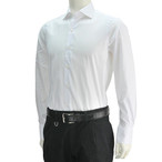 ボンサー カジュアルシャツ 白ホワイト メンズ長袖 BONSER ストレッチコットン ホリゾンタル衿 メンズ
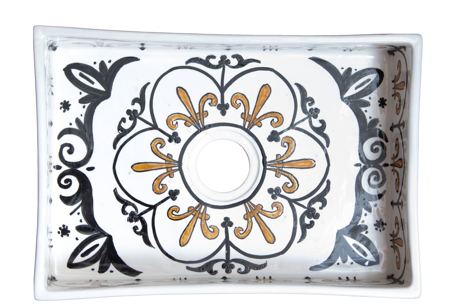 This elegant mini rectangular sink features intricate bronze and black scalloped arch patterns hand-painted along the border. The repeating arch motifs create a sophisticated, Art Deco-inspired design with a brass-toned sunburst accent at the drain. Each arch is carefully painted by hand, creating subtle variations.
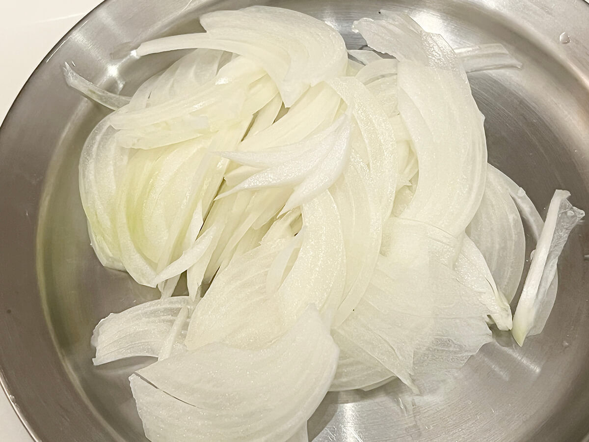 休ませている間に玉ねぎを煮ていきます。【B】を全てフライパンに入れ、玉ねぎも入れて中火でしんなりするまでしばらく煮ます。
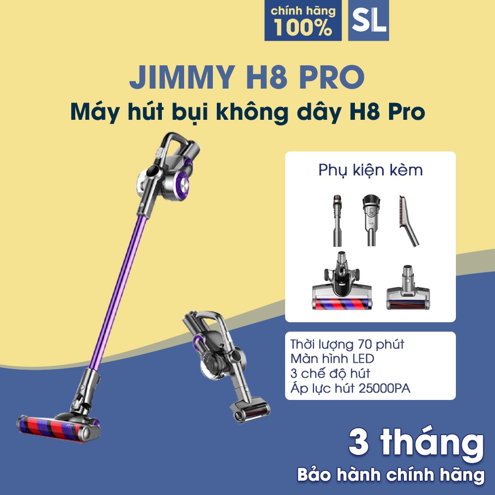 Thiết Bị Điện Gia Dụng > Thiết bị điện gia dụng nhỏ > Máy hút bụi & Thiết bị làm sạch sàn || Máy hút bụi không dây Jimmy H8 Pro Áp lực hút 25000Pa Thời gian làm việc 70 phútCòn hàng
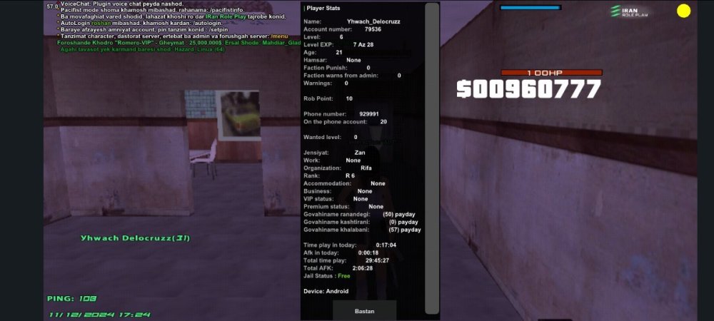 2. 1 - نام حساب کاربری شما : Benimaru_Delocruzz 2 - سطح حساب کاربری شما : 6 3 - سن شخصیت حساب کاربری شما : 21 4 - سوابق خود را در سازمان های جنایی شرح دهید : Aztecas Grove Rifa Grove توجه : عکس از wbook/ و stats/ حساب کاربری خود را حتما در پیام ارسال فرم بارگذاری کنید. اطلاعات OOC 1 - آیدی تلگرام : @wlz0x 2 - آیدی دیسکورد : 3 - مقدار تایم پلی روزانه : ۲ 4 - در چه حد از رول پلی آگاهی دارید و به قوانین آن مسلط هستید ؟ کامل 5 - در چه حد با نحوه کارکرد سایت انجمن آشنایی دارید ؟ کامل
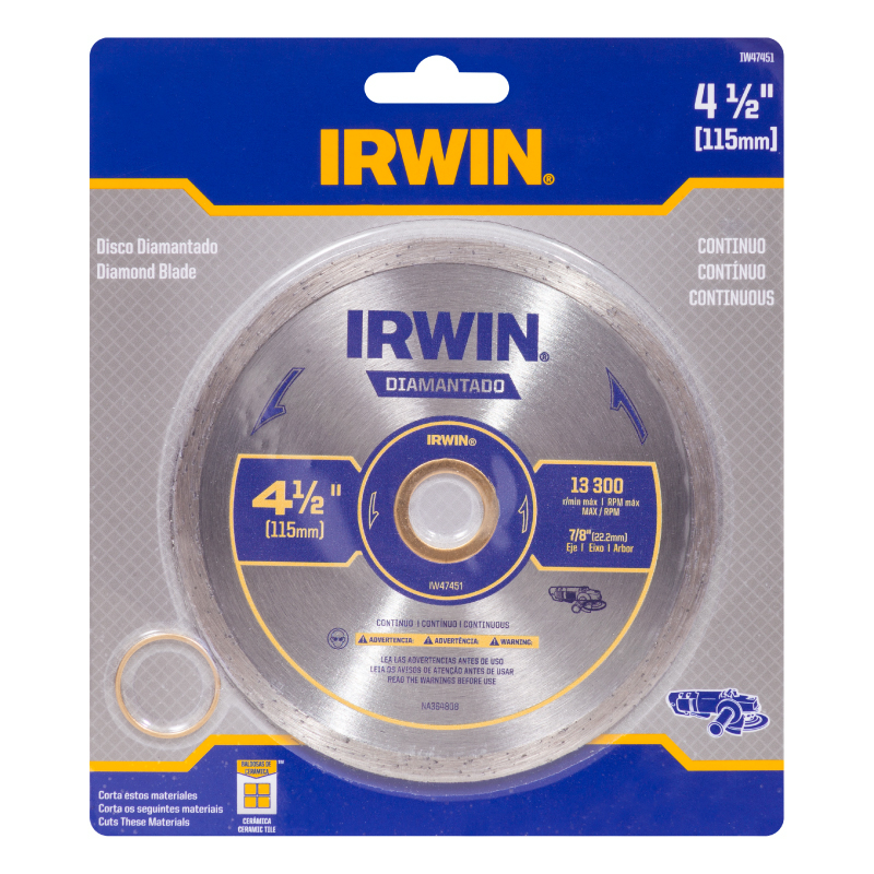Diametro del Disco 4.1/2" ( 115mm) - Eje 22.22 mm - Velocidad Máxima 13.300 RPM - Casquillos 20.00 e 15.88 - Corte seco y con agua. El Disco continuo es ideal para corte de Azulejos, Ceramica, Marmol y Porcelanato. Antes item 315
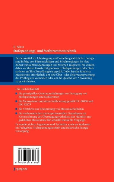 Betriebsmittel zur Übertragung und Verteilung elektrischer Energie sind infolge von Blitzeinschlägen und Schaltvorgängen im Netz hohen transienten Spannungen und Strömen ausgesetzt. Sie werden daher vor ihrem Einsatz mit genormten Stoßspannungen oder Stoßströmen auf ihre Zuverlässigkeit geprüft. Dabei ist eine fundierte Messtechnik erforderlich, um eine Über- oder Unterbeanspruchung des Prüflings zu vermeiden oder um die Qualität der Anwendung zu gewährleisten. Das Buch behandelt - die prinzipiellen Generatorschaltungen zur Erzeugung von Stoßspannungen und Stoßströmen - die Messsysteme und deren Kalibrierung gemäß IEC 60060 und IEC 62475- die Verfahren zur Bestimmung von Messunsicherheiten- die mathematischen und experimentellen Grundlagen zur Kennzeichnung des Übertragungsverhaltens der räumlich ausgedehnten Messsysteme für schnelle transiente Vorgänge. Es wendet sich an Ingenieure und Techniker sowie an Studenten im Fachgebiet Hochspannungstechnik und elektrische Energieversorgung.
--
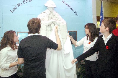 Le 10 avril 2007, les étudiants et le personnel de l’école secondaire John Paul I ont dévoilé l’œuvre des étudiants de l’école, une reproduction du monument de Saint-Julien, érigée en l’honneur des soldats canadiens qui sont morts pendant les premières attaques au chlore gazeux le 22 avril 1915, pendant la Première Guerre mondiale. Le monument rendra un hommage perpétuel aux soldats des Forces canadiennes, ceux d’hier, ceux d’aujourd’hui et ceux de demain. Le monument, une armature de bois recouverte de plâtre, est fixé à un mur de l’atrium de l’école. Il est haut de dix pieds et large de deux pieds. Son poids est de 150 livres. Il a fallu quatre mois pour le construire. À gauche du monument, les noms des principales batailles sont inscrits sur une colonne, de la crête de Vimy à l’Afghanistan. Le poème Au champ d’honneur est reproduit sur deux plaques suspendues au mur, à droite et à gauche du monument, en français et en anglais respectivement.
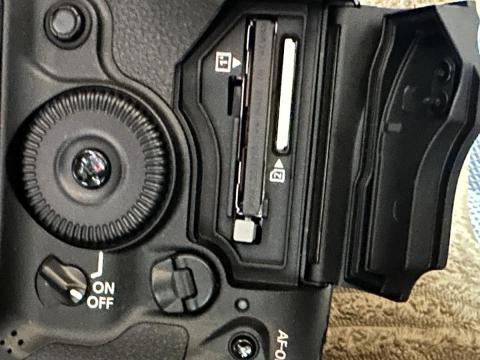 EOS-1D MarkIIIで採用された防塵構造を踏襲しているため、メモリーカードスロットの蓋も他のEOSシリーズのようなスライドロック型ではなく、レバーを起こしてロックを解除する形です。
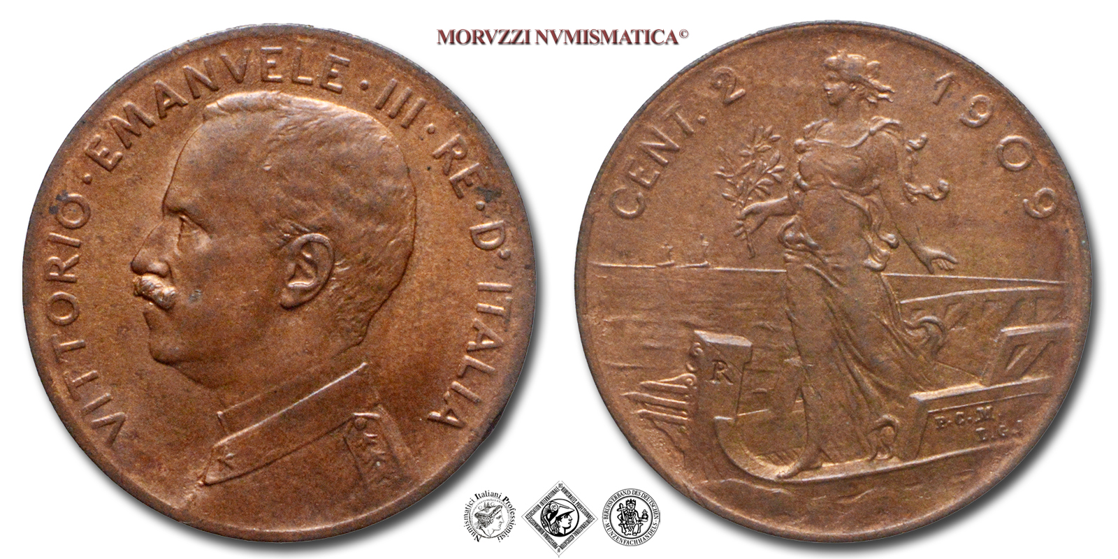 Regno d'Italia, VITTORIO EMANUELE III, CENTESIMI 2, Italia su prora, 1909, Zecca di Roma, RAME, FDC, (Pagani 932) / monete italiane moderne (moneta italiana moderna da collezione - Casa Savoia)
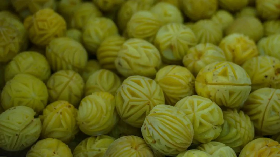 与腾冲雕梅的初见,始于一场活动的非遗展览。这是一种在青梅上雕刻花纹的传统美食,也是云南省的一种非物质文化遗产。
* * *
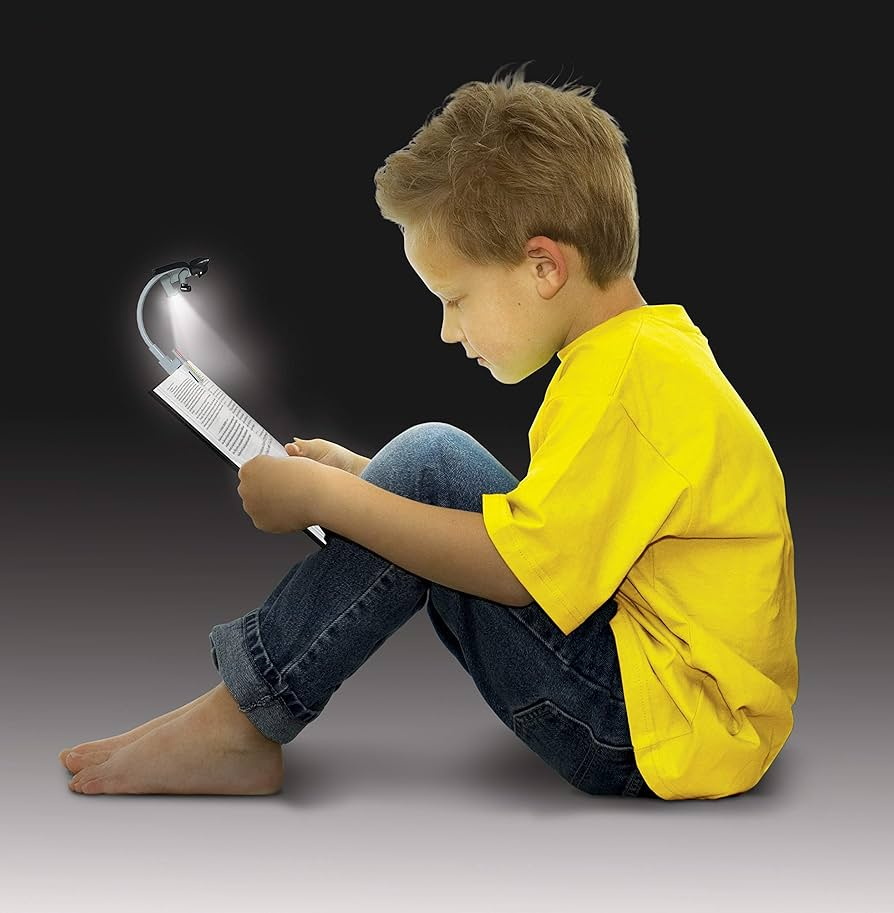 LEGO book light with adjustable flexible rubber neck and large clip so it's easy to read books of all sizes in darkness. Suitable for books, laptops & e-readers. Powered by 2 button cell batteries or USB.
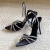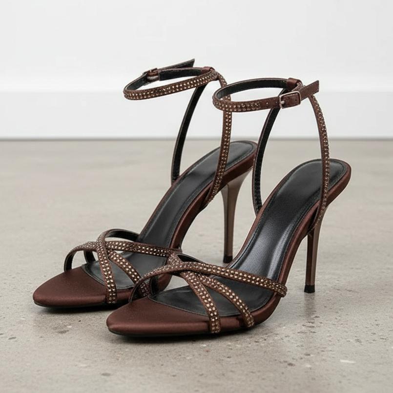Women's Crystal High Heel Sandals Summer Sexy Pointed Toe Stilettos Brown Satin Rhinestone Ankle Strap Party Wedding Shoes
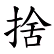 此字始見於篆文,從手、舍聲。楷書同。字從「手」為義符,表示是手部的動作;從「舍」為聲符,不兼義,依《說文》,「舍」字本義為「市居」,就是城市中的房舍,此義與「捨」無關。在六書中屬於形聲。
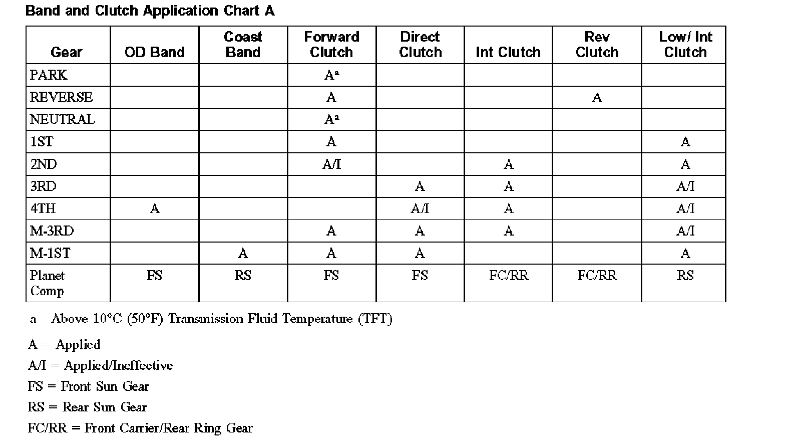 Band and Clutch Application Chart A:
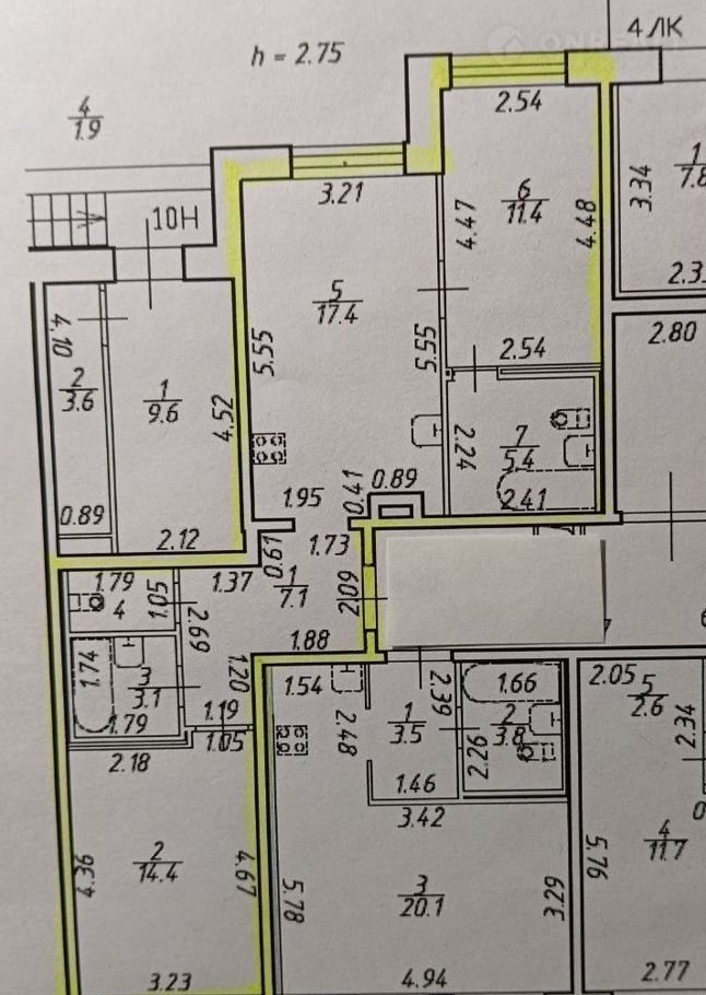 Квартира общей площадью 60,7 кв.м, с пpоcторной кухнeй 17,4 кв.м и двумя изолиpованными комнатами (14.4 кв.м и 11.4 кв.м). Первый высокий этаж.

* **WHAT YOU ARE ASKED TO DO**
I would like the exact lines from the data above, starting with the one that holds "ボンサー カジュアルシャツ 白ホワイト" and going on through the one that holds "Thiết Bị Điện Gia Dụng >", without the pictures.

* **TASK ANSWER**
 ボンサー カジュアルシャツ 白ホワイト メンズ長袖 BONSER ストレッチコットン ホリゾンタル衿 メンズ
 This elegant mini rectangular sink features intricate bronze and black scalloped arch patterns hand-painted along the border. The repeating arch motifs create a sophisticated, Art Deco-inspired design with a brass-toned sunburst accent at the drain. Each arch is carefully painted by hand, creating subtle variations.
 休ませている間に玉ねぎを煮ていきます。【B】を全てフライパンに入れ、玉ねぎも入れて中火でしんなりするまでしばらく煮ます。
 Thiết Bị Điện Gia Dụng > Thiết bị điện gia dụng nhỏ > Máy hút bụi & Thiết bị làm sạch sàn || Máy hút bụi không dây Jimmy H8 Pro Áp lực hút 25000Pa Thời gian làm việc 70 phútCòn hàng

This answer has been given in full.